- DATA LISTING:
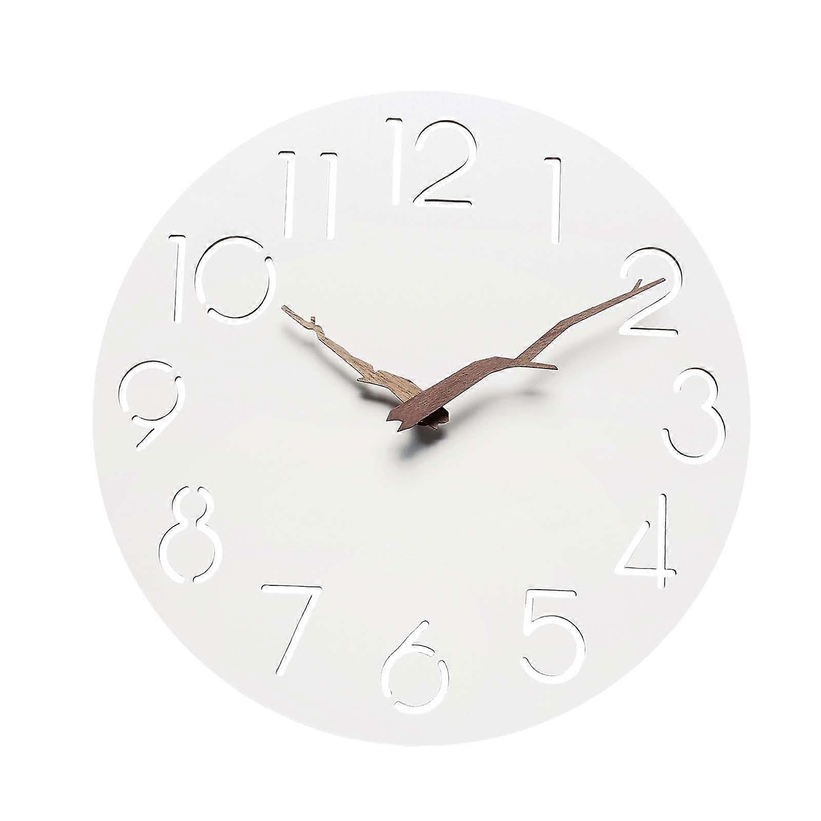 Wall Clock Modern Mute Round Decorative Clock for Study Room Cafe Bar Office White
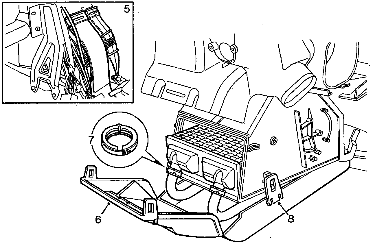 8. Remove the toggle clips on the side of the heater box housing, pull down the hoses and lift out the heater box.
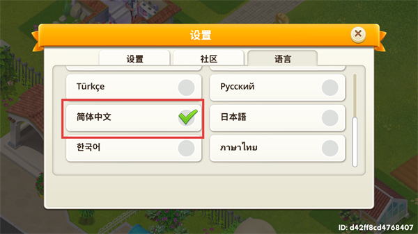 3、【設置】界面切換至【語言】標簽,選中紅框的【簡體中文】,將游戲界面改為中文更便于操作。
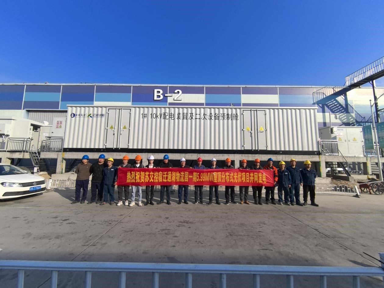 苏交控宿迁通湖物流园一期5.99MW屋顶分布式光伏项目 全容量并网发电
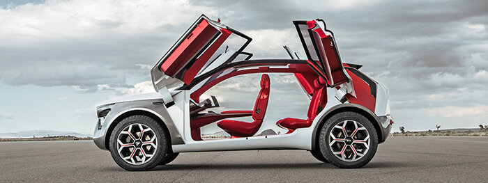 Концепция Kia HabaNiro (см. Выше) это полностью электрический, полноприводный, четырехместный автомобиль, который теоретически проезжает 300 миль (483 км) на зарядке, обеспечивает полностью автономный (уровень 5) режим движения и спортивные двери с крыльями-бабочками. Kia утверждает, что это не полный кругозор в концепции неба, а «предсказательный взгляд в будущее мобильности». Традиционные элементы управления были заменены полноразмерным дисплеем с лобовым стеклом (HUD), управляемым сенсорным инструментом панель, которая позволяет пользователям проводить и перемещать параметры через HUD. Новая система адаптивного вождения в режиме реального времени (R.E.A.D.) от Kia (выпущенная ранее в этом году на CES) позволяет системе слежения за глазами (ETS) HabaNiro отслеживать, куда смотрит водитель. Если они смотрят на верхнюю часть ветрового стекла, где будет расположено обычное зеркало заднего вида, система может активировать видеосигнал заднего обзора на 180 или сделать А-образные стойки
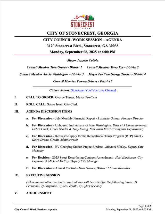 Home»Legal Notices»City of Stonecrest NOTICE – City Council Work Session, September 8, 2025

==

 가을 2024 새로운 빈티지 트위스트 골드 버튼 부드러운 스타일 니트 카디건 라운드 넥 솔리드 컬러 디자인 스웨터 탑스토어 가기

- ABOUT THIS EXERCISE: From the records above, copy exactly the stretch from the line holding "Wall Clock Modern" through the line holding "3、【設置】界面切換至【語言", both ends included, without the pictures.

- WRITTEN ANSWER:
 Wall Clock Modern Mute Round Decorative Clock for Study Room Cafe Bar Office White
 8. Remove the toggle clips on the side of the heater box housing, pull down the hoses and lift out the heater box.
 3、【設置】界面切換至【語言】標簽,選中紅框的【簡體中文】,將游戲界面改為中文更便于操作。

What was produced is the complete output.